We want to share a charge
Q between two bodies. One of the bodies receives a charge
q1 and the other a charge
q2. The splitting of the charges is made in
such a way that if you have
q1+
q2=
Q. Determine the ratio between
the charges so that the Coulomb's force of repulsion between
q1 and
q2
is maximum for any distance between the charges.
Solution
The problem gives us the condition that the sum of the shared charges is the total charge
\[
\begin{gather}
Q=q_{1}+q_{2} \tag{I}
\end{gather}
\]
The electric force Fel is given by
Coulomb's Law
\[ \bbox[#99CCFF,10px]
{F_{el}=\frac{1}{4\pi \varepsilon_{0}}\frac{|q_{A}||q_{B}|}{r^{2}}}
\]
\[
\begin{gather}
F_{el}=\frac{1}{4\pi \varepsilon _{0}}\frac{q_{1}q_{2}}{r^{2}} \tag{II}
\end{gather}
\]
From the condition (I), we can write the charge
q2 as a function of charge
q1
\[
\begin{gather}
q_{2}=Q-q_{1} \tag{III}
\end{gather}
\]
defining the constant term as
\( k_{0}=\frac{1}{4\pi \epsilon _{0}} \)
and substituting the expression (III) into expression (II)
\[
\begin{gather}
F_{el}=k_{0}\frac{q_{1}(Q-q_{1})}{r^{2}}\\
F_{el}=\frac{k_{0}}{r^{2}}(Qq_{1}-q_{1}^{2}) \tag{IV}
\end{gather}
\]
To find the maximum point of the expression (IV), we take the derivative of the function relative to
q1 and equal to zero.
\[
\begin{gather}
\frac{dF_{el}}{dq_{1}}=0\\
\frac{d}{dq_{1}}\left[\frac{k_{0}}{r^{2}}(Qq_{1}-q_{1}^{2})\right]=0
\end{gather}
\]
Differentiation of
\( \displaystyle F_{el}=\frac{k_{0}}{r^{2}}(Qq_{1}-q_{1}^{2}) \)
the term
\( \frac{k_{0}}{r^{2}} \)
is moved outside of the derivative, and the derivative of a sum is equal to the sum of the derivatives
\[
\begin{gather}
\frac{dF_{el}}{dq_{1}}=\frac{k_{0}}{r^{2}}\left[\frac{d}{dq_{1}}(Qq_{1})-\frac{d}{dq_{1}}(q_{1}^{2})\right]\\
\frac{dF_{el}}{dq_{1}}=\frac{k_{0}}{r^{2}}\left[Q-2q_{1}\right]
\end{gather}
\]
\[
\begin{gather}
\frac{k_{0}}{r^{2}}(Q-2q_{1})=0\\
Q-2q_{1}=0.\frac{r^{2}}{k_{0}}\\
Q-2q_{1}=0\\
2q_{1}=Q\\q_{1}=\frac{Q}{2}
\end{gather}
\]
substituting this result in the expression (III), we obtain
q2
\[
\begin{gather}
q_{2}=Q-\frac{Q}{2}\\
q_{2}=\frac{2Q-Q}{2}\\
q_{2}=\frac{Q}{2}
\end{gather}
\]
\[ \bbox[#FFCCCC,10px]
{q_{1}=q_{2}=\frac{Q}{2}}
\]
The result is independent of the distance
r between the charges and the force is maximum when the
total load is equally divided between the bodies.
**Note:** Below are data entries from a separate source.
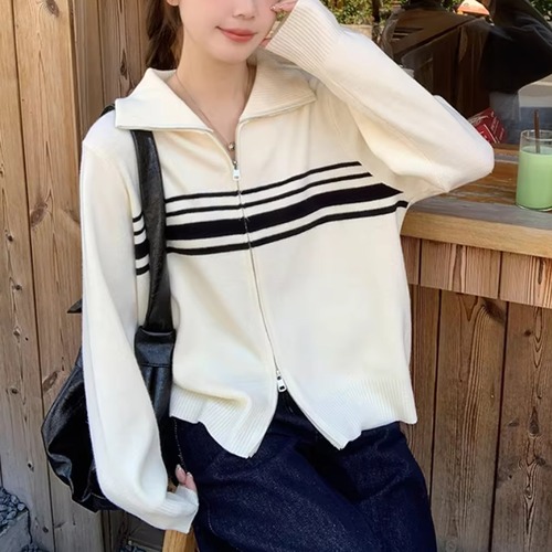 カットワークデザインリブニットトップス ・74005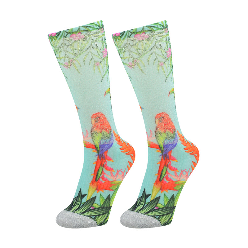 Product Name:360 degree digital printing lady knee high socksModel Number:508-3Main Material:30%nylon, 65%polyester, 5%elastane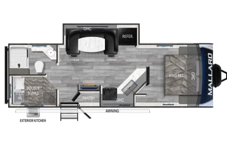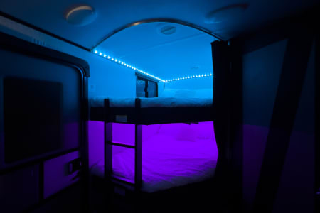 - Sleeps 8: 1 King bed with memory foam topper, 2 full size bunks, 1 full size Dinette conversion
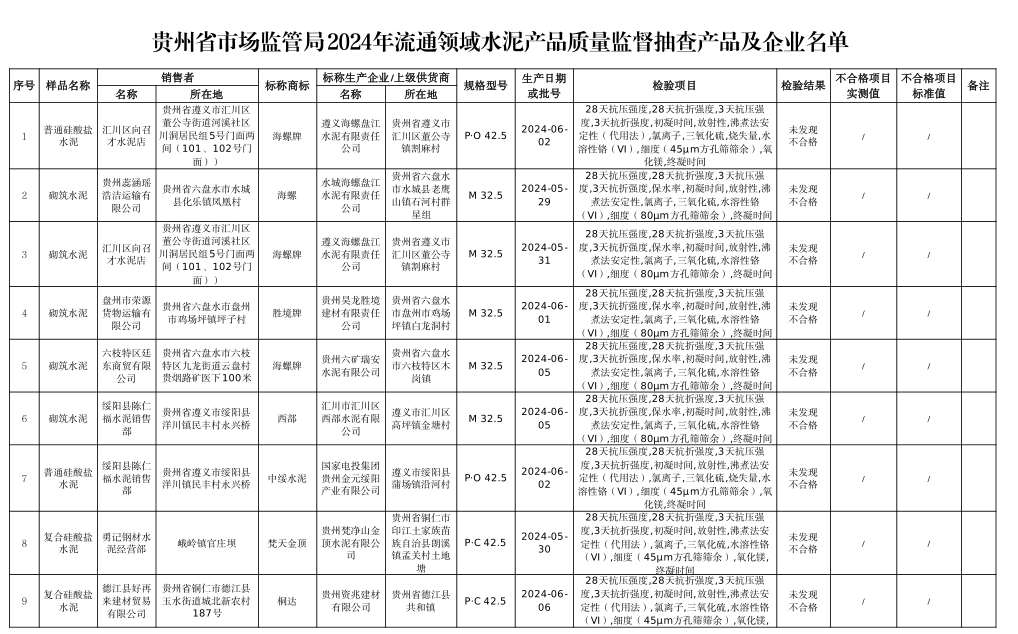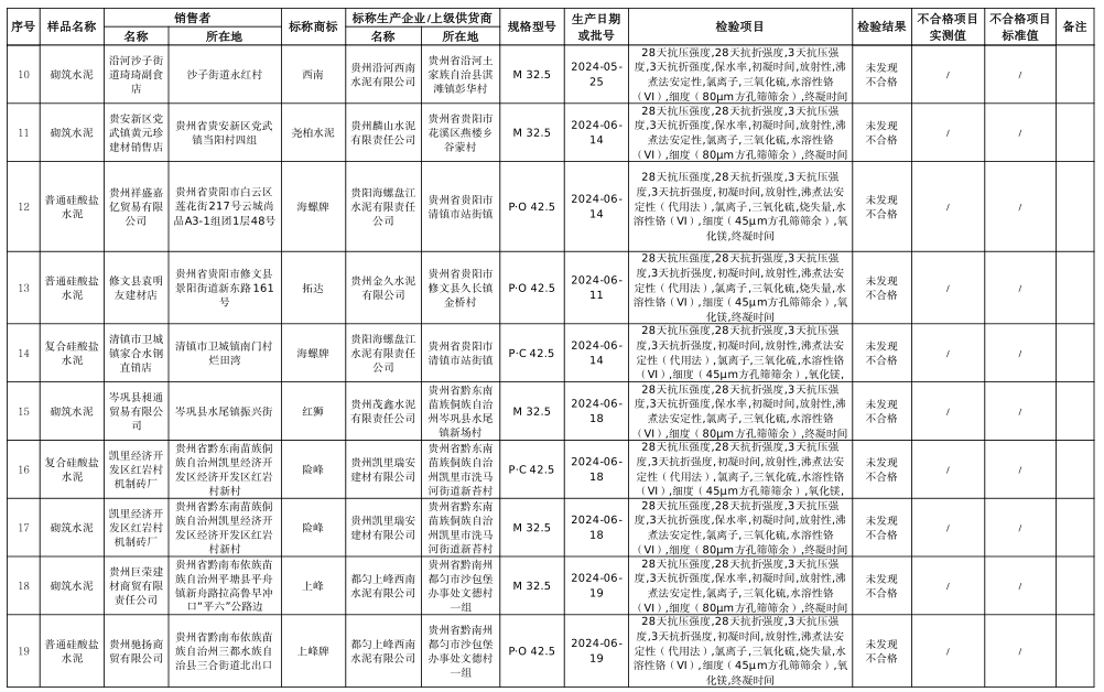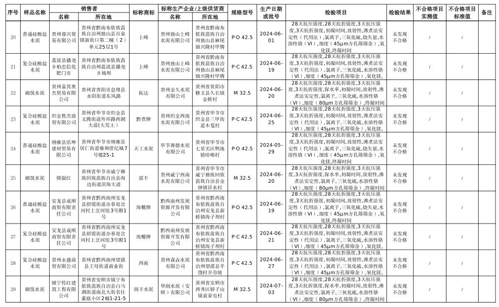 本次共對(duì)26家銷售者銷售的30批次水泥產(chǎn)品開展了監(jiān)督抽查,,抽查區(qū)域?yàn)橘F陽(yáng)市、遵義市、六盤水市、安順市、畢節(jié)市、銅仁市、黔東南州、黔南州、黔西南州。本次監(jiān)督抽查依據(jù)GB 175-2023《通用硅酸鹽水泥》等標(biāo)準(zhǔn)進(jìn)行檢驗(yàn)。經(jīng)檢驗(yàn),未發(fā)現(xiàn)不合格產(chǎn)品。水泥人網(wǎng)注意到上述抽查的30批次水泥全部來自于流通領(lǐng)域。涉及水泥品牌包含海螺、西南、紅獅、潤(rùn)豐、臺(tái)泥、堯柏、上峰、西部等。抽查水泥品種為普通硅酸鹽水泥、復(fù)合硅酸鹽水泥、砌筑水泥三類,其中P.C和P.O水泥抽查標(biāo)號(hào)為42.5.砌筑水泥抽查標(biāo)號(hào)為32.5.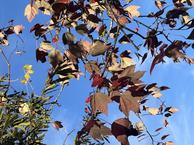 The LEAVES of the red maple offer the easiest way to distinguish it from its relatives. As with all North American maple trees, they are DECIDUOUS and arranged oppositely on the twig. They are typically 5–10 cm (2–4 in) long and wide with three to five PALMATE LOBES with a serrated margin. The SINUSES are typically narrow, but the leaves can exhibit considerable variation.[6] When five lobes are present, the three at the terminal end are larger than the other two near the base. In contrast, the leaves of the related SILVER MAPLE, A. saccharinum, are much more deeply lobed, more sharply toothed, and characteristically have five lobes. The upper side of A. rubrum's leaf is light green and the underside is whitish and can be either GLAUCOUS or hairy. The leaf stalks are usually red and are up to 10 cm (4 in) long. The leaves can turn a characteristic brilliant red in autumn, but can also become yellow or orange on some individuals. Soil acidity can influence the color of the foliage and trees with female flowers are more likely to produce orange coloration while male trees produce red. The FALL COLORS of red maple are most spectacular in the northern part of its range where climates are cooler.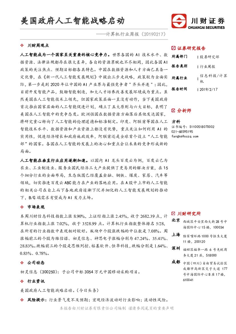 川财证券:计算机行业周报:美国政府人工智能战略启动.pdf

Note 1: The expression (IV) represents a quadratic function with the term of highest-degree
negative, q1 < 0, it is a parabola that opens down, so the function has a maximum
point.
Note 2: The same result would be obtained if we wrote q1 as a function of
q2,
\( q_{1}=Q-q_{2} \),
and take the derivative relative to q2,
\( \left(\frac{dF_{el}}{dq_{2}}=0\right) \).